You were so drunk last night you thought you force pushed the automatic door open.
Woke up wearing just a scarf, the holidays are definetly here
so many types of cookies right now. i'm eating four kinds of cookies that i've made into larger cookie sandwiches. too high. whoa.
my new ipod has external speakers and a video camera...all i can think about is how much more convenient it would be for me to make a pretty decent sex tape
listening to the two girls in the next stall finish a 40 and laugh at this guy they both fucked. they're calling him 'tulip dick'.
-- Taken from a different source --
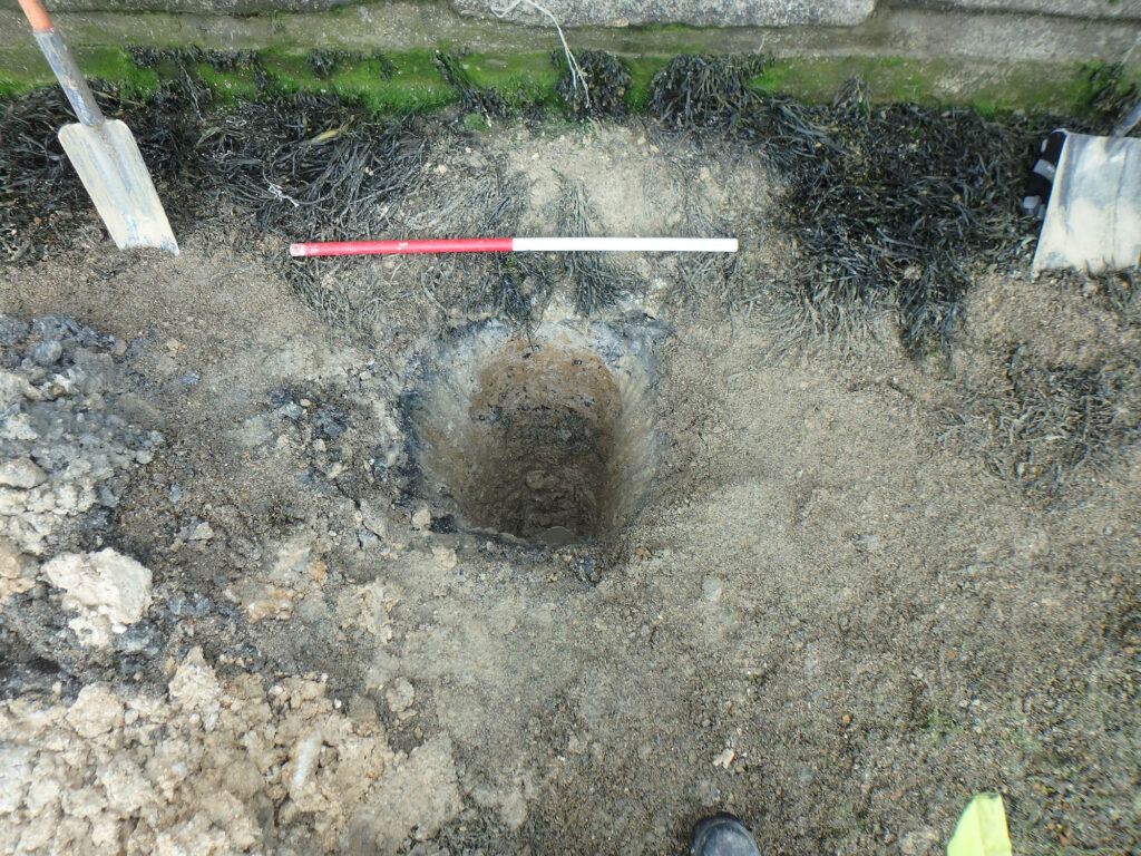The archaeological works, a watching brief (monitoring and recording), comprised a total of 8 boreholes and 13 trial pits across a wide area surrounding the castle. This included the frontage and foreshore along the eastern shores of Portchester and the southern shore of Paulsgrove. These investigations revealed a distinctive natural deposition sequence through stratigraphic records made at the site but no significant archaeological remains were encountered and the project continued efficiently.

Just got a picture message from my sister of the two of us wearing cowboy hats and pressing our bare asses together. Do you remember enough to explain?
True that.. I am going to ride a gold plated unicorn across a field of cocaine and coach purses when I graduate.
That was beautiful.
I made the jerking off hand motion to my mother by accident this morning. It was awkward for everyone involved.
Look. I've got things to do today.. Will you hurry up and come over so I can give you some head and get my day started already
Outside
Thank god I didn't get free from the hospital restraints. I wouldent have lasted long drunk, startled and in an ass-less gown In D.C.
I think weed is turning my hair brown
Henceforth: booty calls will now be referred to as "deliveries of anatomy". That is all.
not only did u rap a voicemail to me last night.... but it lasted so long that it cut you off so you called back to finish..... never do this again
Come home... I’m drinking and playing with knives
You ever have a fart follow you around?